Salute to Long-Dead CCGs!

Hijack!

Ronincyberpunk I’ve still got a lot of BT CCG cards, would be willing to sell. interested?

email sent ‘who me?’

</hijack>

One of my favorites was Heresy: Kingdom Come. I didn’t actually play it, but the art on the cards was beautiful, and they were kind of cool because they were longer top to bottom than other cards (more like tarot size).

I also enjoyed the Shadowrun Trading Card Game, which had two editions before it died.

I was a diehard Highlander CCG player back in the day. Just got to play agian recently a GenCon. They’re actually trying to bring it back. A new set was just release for the first time in like 7 years.

Great game. Had a real swordfighting feel, and very different than any other CCG I’ve played. (no “mana” or equivalent, no “tapping” or equivalent.)

I liked Netrunner as well. Although we used pennies as counters and I remember having to deal with a lot of them.

I tried Jyhad for a little while but nobody liked it that much (if that was the one with the vampires).

I also have a whole box of Middle Earth cards but we never played it once. At that time I didn’t even know what LoTR was, having never read the books.

Naturally, it all started with M:TG as the first CCG we played.

The “one with the vampires” started out as Jyhad and then became Vampire the Masquerade about the time I became involved. I paid “$20 minus whatever my share of chinese food cost” for most of my cards (bought off a friend who was getting out of it) plus an amount of money equal to that my buddies who were involved were paying for the rest. 15 monthes later I sold all my cards for $15.10 to two of my buddies. (We were graduating from college and spreading out, the likelyhood that I would ever teach anyone to play was slim to non-exisitant).

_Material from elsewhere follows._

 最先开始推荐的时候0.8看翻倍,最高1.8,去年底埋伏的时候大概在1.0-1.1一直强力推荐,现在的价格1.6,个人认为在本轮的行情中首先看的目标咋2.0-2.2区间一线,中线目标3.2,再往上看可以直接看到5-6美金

I actually won a box of an On The Edge expansion set (Cut-Ups Project) as 2nd Prize in an M:TG tournament. I’d always thought the world of the RPG Over the Edge was interesting (though I never played the game).

The Cut-Ups Project was a tight (90 cards) well-designed expansion that reworked the concept the game into a battle between the agents of Chaos vs. Control, added some strong new conspiracies (Cut-Ups, Church of Sub-Randomness), had lots of synergistic cards, and dueling environments that changed the object of the game.

One of my favorite cards in any game ever was from this set. Scam Artist: Tap this card anytime to discard a card from your hand and draw a card from your deck. You must draw a mustache with an indelible marker on the discarded card.

I went out and bought a good amount of the basic set, but I was a little less enchanted. Game play was time-consuming, the basic set was very diffuse so it was hard to build decks around specific conspriacies, and with a limited pool of cards I found it almost impossible to beat strong defenses. Would have helped if there was someone else with cards in the area.

Netrunner is the game that Richard Garfield designed after he did Magic: the Gathering.

Yep on the “critical mass” factor. Although, some games had very high popularity in certain cities, regions.

Outside of MTG, here are the games I played in descending order roughly corresponding to the amount of time/money I spent adn enjoyment I received.

Middle Earth: the Wizards-Loved this game and followed it through all the expansions. Great sense of the world with characters, sites, items, etc without being bound to the plot of LOTR or to the places visited in the book like the Decipher movie-based CCG.

Doomtown (Deadlands): Based on the excellent role-playing game, which plays like Wild, Wild West meets Call of Cthulhu. Play one of 9 factions trying to take over the ghost-rock mining town of Gomorrah. After the initial release, there was a series of monthly mini-releases, each centered around a different faction, which was great, because you could focus on the factions you wanted to play (Union, Sweetrock, Sioux Confederacy for me!)

On the Edge: previously mentioned

Sim City: Interesting game, but there was no reason for it to be collectible (though the rare panoramic cards were a nice touch.) Would have worked as a stand alone.

Illuminati: NWO-Also didn’t really need to be collectible.

Battletech: Didn’t buy enough to do anything beyond straight-up knockdown robot brawls.

Yeah, I think I have one of those. I thought On the Edge was great, but I’m afraid it’s one of those things that people either think is cool, 'cos they’re the sort of person who thinks it’s cool, or THEY DON’T GET AT ALL. Then again, I don’t think it’s intrinsically weirder than Gygax-esque fantasy, just not part of that subculture’s pieties.